Exercise instructions » Return the lines of the material below exactly, beginning with the line that has "Der obere Teil" in it and finishing with the line that has "Regina, SK –" in it. Leave all pictures aside.
*** Opening Source material ***
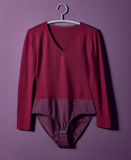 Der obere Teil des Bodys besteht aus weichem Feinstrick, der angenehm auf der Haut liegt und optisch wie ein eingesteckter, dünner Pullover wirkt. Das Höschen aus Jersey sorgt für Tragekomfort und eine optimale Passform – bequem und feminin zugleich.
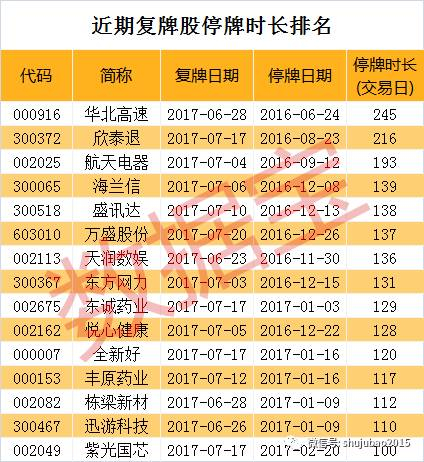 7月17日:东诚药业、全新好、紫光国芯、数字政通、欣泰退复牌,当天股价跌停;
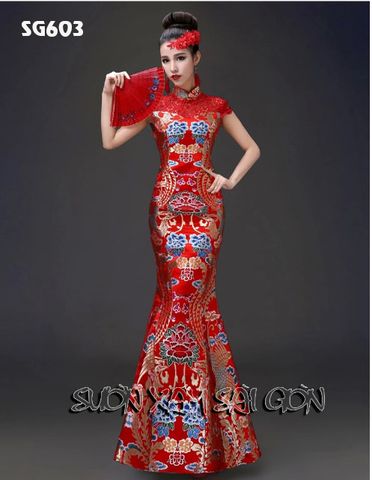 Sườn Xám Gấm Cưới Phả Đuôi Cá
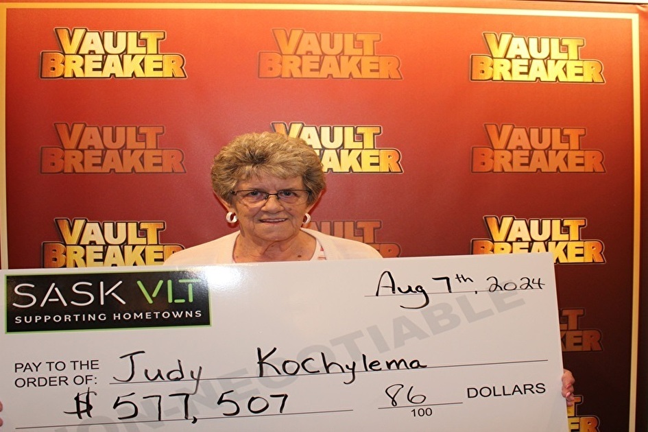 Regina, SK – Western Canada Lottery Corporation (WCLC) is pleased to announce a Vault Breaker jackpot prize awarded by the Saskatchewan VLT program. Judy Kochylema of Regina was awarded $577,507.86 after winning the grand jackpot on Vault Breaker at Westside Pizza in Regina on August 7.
*** Closing Source material ***
*** Opening Source material ***
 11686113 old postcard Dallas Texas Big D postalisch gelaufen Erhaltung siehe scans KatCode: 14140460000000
*** Closing Source material ***
Expected answer »
 Der obere Teil des Bodys besteht aus weichem Feinstrick, der angenehm auf der Haut liegt und optisch wie ein eingesteckter, dünner Pullover wirkt. Das Höschen aus Jersey sorgt für Tragekomfort und eine optimale Passform – bequem und feminin zugleich.
 7月17日:东诚药业、全新好、紫光国芯、数字政通、欣泰退复牌,当天股价跌停;
 Sườn Xám Gấm Cưới Phả Đuôi Cá
 Regina, SK – Western Canada Lottery Corporation (WCLC) is pleased to announce a Vault Breaker jackpot prize awarded by the Saskatchewan VLT program. Judy Kochylema of Regina was awarded $577,507.86 after winning the grand jackpot on Vault Breaker at Westside Pizza in Regina on August 7.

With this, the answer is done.